DATASET EXCERPTS =>
#####
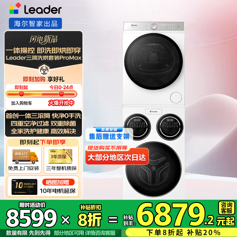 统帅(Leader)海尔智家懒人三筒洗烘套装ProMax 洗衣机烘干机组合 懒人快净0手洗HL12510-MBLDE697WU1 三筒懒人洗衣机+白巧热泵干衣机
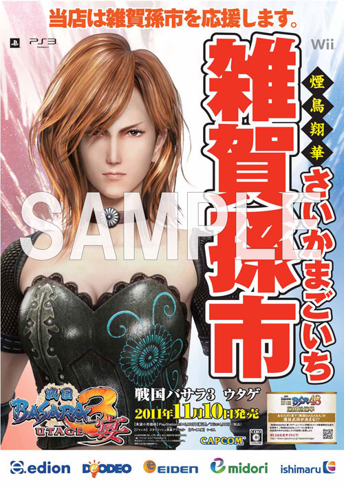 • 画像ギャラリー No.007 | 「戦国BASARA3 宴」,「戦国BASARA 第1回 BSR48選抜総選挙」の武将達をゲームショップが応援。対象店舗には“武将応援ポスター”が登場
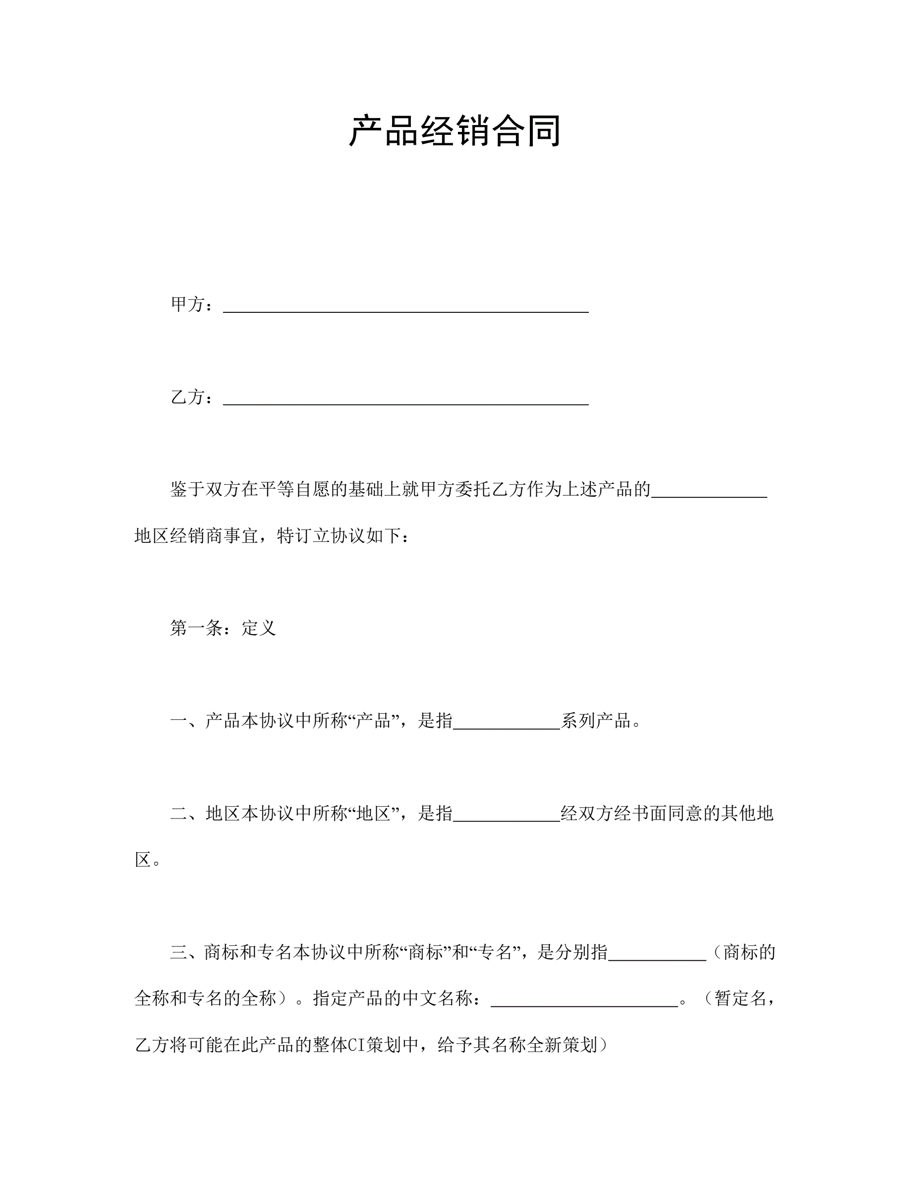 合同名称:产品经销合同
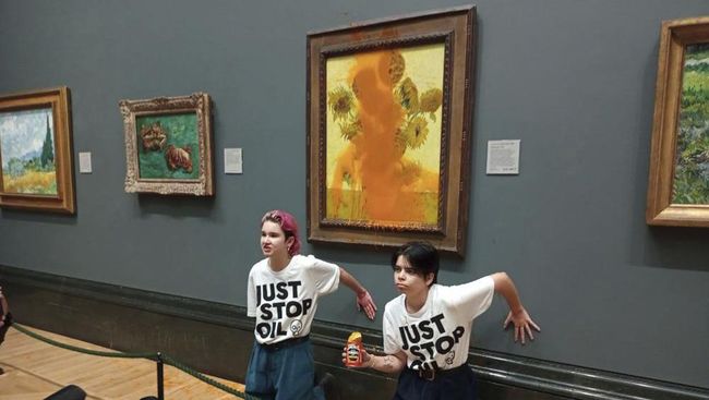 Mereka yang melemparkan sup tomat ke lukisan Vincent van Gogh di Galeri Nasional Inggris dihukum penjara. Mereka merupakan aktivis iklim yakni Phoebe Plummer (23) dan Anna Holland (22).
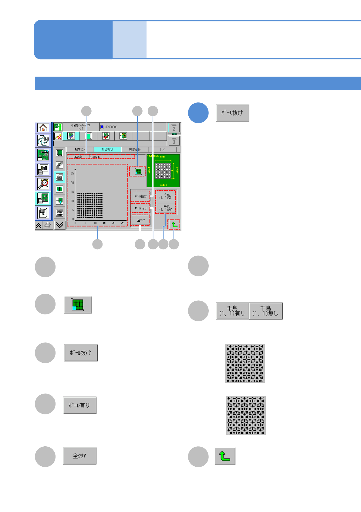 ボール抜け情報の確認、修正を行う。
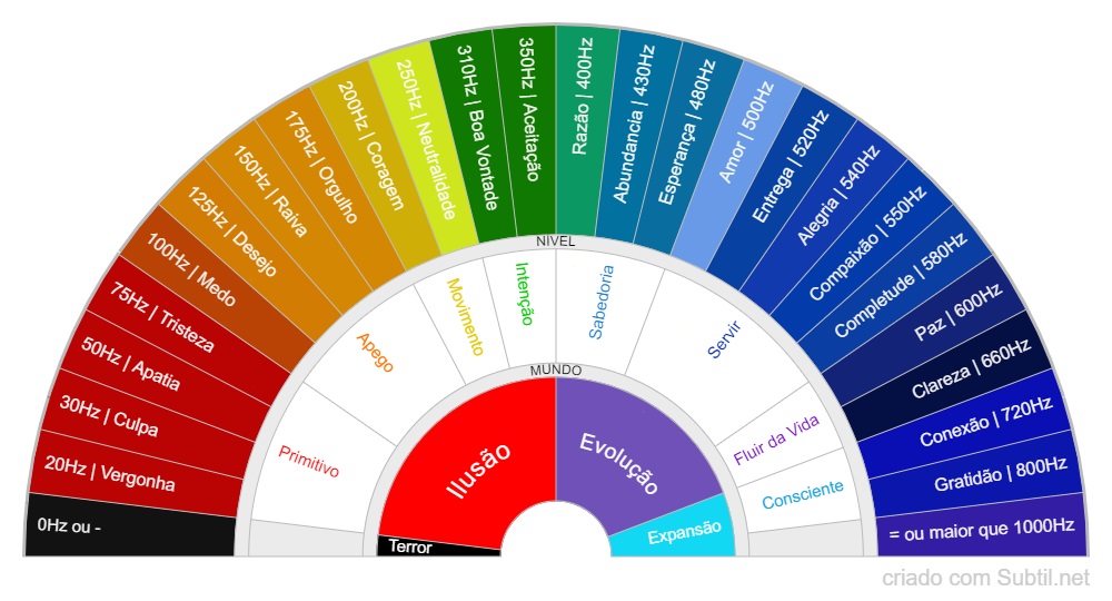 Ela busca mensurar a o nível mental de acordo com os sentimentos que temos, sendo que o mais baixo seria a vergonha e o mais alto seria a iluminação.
#####
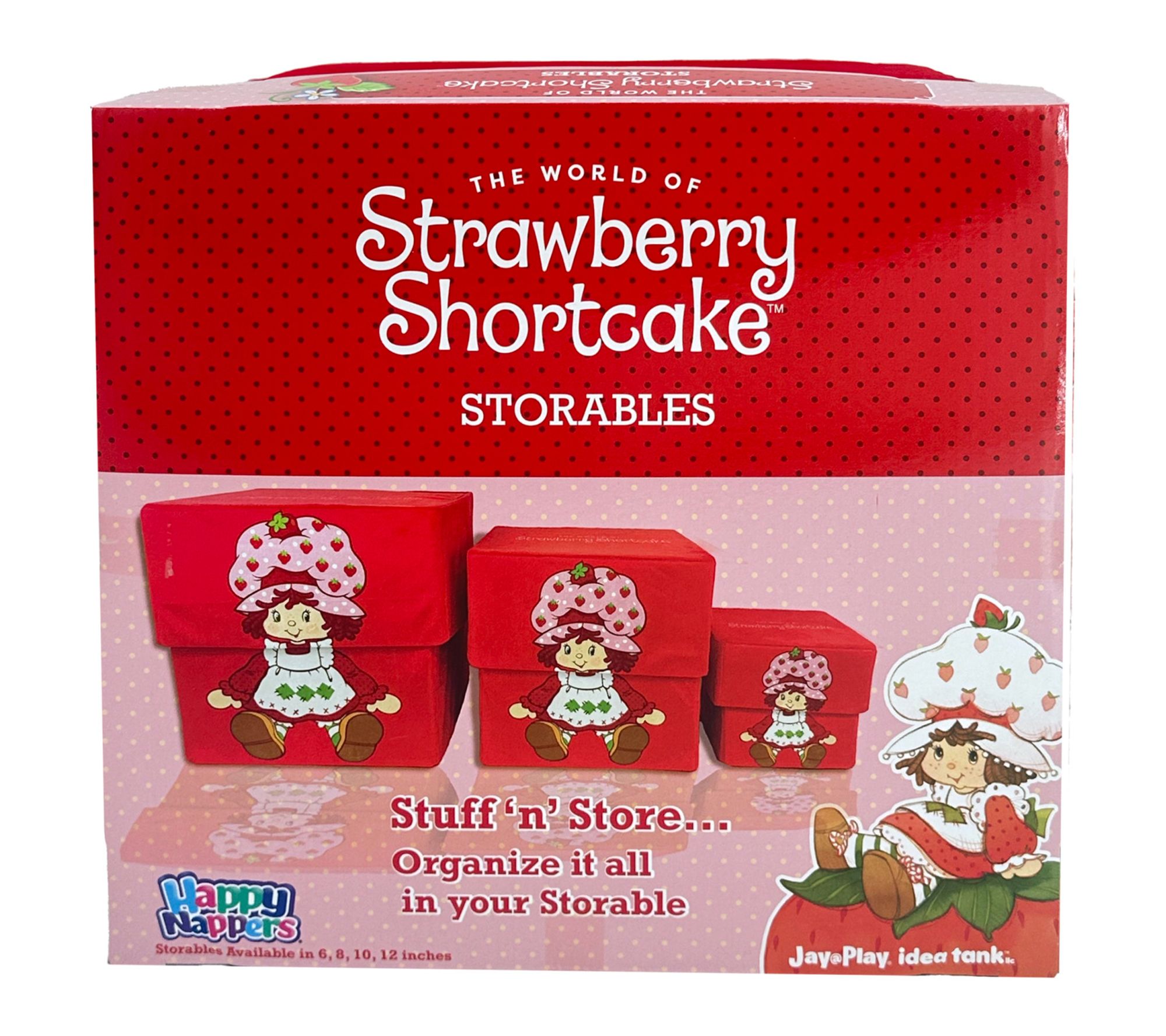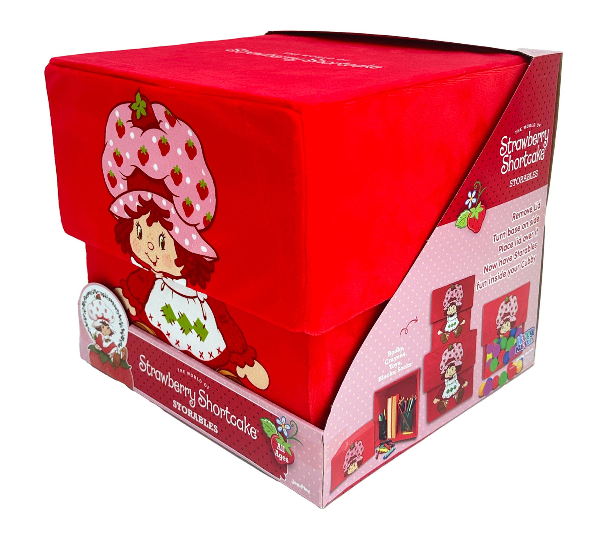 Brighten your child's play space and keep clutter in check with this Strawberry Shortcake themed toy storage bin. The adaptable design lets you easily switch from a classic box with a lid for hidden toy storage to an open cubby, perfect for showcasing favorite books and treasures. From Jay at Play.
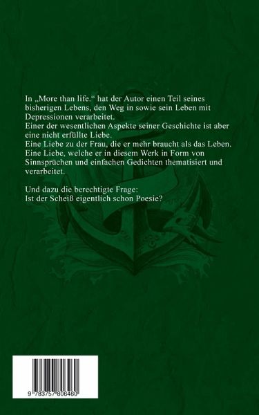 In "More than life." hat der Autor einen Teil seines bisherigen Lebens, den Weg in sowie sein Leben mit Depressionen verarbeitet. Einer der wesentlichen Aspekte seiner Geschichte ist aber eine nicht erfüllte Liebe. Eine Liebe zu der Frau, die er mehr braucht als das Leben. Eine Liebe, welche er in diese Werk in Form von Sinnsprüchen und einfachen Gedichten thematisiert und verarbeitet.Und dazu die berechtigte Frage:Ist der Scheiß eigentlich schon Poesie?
#####
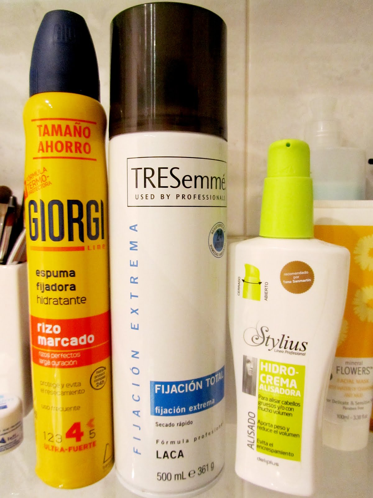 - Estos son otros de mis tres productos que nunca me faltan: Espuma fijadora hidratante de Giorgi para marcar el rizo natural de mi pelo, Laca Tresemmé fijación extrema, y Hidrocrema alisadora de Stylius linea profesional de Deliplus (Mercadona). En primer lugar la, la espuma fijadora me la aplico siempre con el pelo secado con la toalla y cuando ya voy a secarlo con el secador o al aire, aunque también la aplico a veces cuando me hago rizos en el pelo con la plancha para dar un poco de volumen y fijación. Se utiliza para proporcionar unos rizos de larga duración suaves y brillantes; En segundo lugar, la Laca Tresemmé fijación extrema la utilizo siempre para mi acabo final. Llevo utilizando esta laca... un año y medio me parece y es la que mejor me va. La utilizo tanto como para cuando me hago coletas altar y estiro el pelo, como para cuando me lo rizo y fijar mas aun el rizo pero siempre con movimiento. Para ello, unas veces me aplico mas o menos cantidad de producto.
#####
INSTRUCTIONS FOR THE TASK => For the material above, give again only the lines starting at the line that contains "统帅(Leader)海尔智家懒人三筒洗烘套装ProMax 洗衣机烘干机组合 懒人快净0手洗HL12510-MBLDE697WU1" and ending at the line that contains "Ela busca mensurar". Pictures do not belong in the copy.

OUTPUT OF THE EXERCISE =>
 统帅(Leader)海尔智家懒人三筒洗烘套装ProMax 洗衣机烘干机组合 懒人快净0手洗HL12510-MBLDE697WU1 三筒懒人洗衣机+白巧热泵干衣机
 • 画像ギャラリー No.007 | 「戦国BASARA3 宴」,「戦国BASARA 第1回 BSR48選抜総選挙」の武将達をゲームショップが応援。対象店舗には“武将応援ポスター”が登場
 合同名称:产品经销合同
 Mereka yang melemparkan sup tomat ke lukisan Vincent van Gogh di Galeri Nasional Inggris dihukum penjara. Mereka merupakan aktivis iklim yakni Phoebe Plummer (23) dan Anna Holland (22).
 ボール抜け情報の確認、修正を行う。
 Ela busca mensurar a o nível mental de acordo com os sentimentos que temos, sendo que o mais baixo seria a vergonha e o mais alto seria a iluminação.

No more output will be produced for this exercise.